▶ _PROBLEM TO SOLVE_: Transcribe nothing except the lines below that run from the one with "This paper explores" to the one with "日韩热销牛仔拼接针织开衫秋季新款时尚显瘦针织衫毛衣女开衫外套", ends included, and do not copy any picture.

SOURCE DATA below:

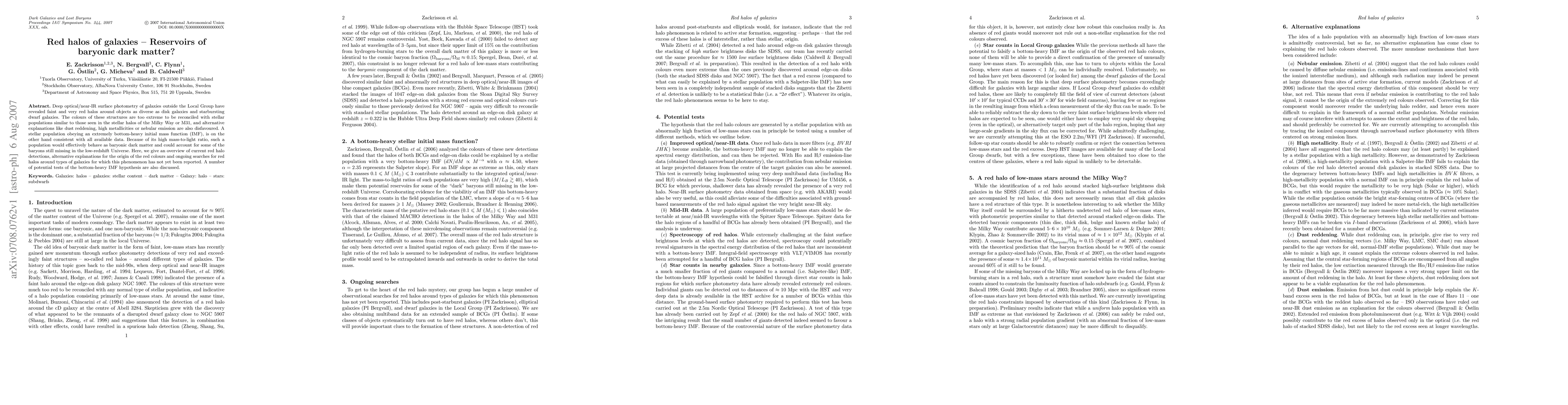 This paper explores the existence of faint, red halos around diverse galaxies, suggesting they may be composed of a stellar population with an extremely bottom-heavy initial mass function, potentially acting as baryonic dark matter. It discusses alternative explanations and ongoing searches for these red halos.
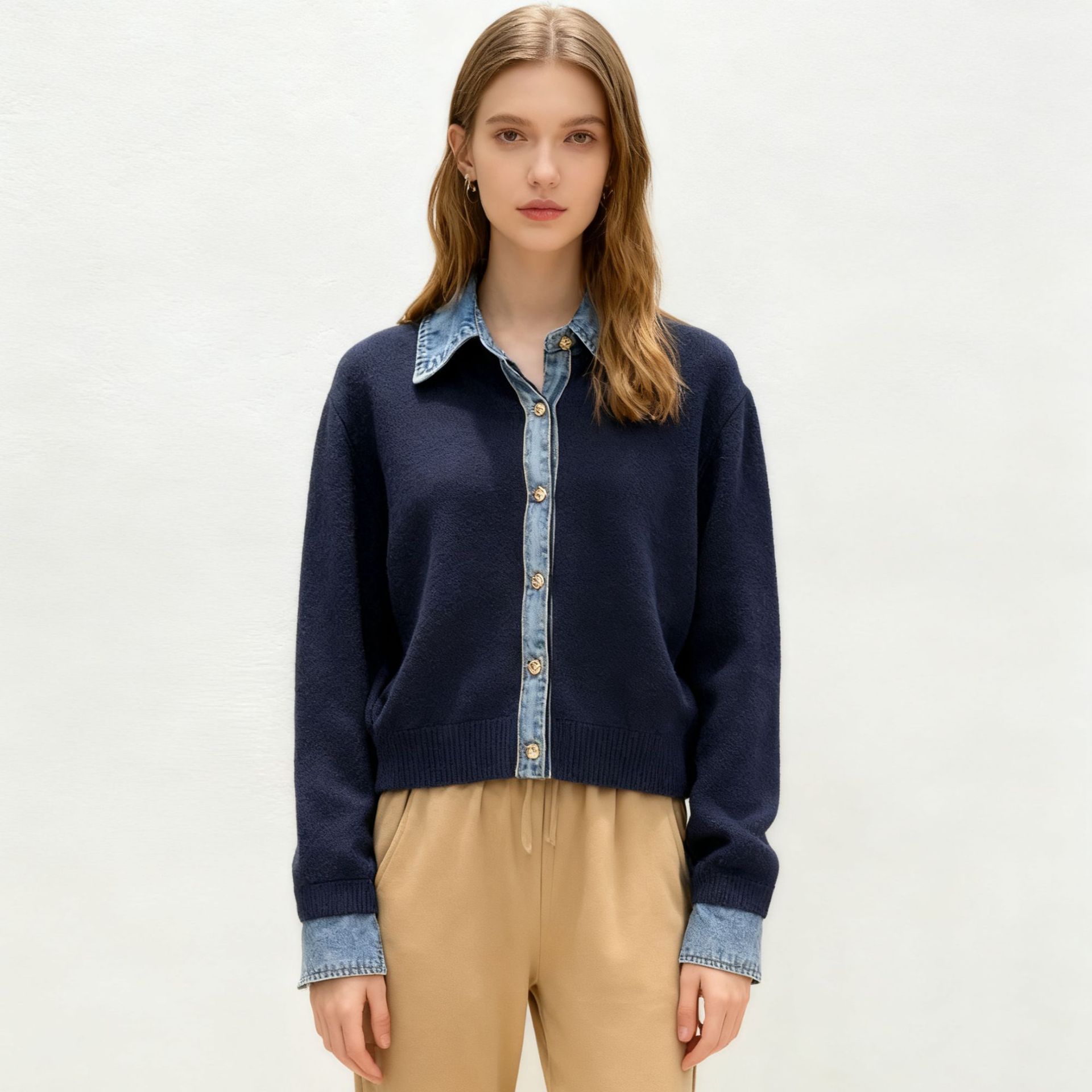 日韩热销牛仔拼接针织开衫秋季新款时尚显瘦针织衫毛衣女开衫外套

End of SOURCE DATA.
SOURCE DATA below:

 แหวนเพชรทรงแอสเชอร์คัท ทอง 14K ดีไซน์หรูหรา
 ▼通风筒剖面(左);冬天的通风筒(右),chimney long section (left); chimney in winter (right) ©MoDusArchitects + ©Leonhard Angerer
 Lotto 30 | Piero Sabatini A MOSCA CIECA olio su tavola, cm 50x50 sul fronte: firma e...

End of SOURCE DATA.

▶ _SOLVED PROBLEM_:
 This paper explores the existence of faint, red halos around diverse galaxies, suggesting they may be composed of a stellar population with an extremely bottom-heavy initial mass function, potentially acting as baryonic dark matter. It discusses alternative explanations and ongoing searches for these red halos.
 日韩热销牛仔拼接针织开衫秋季新款时尚显瘦针织衫毛衣女开衫外套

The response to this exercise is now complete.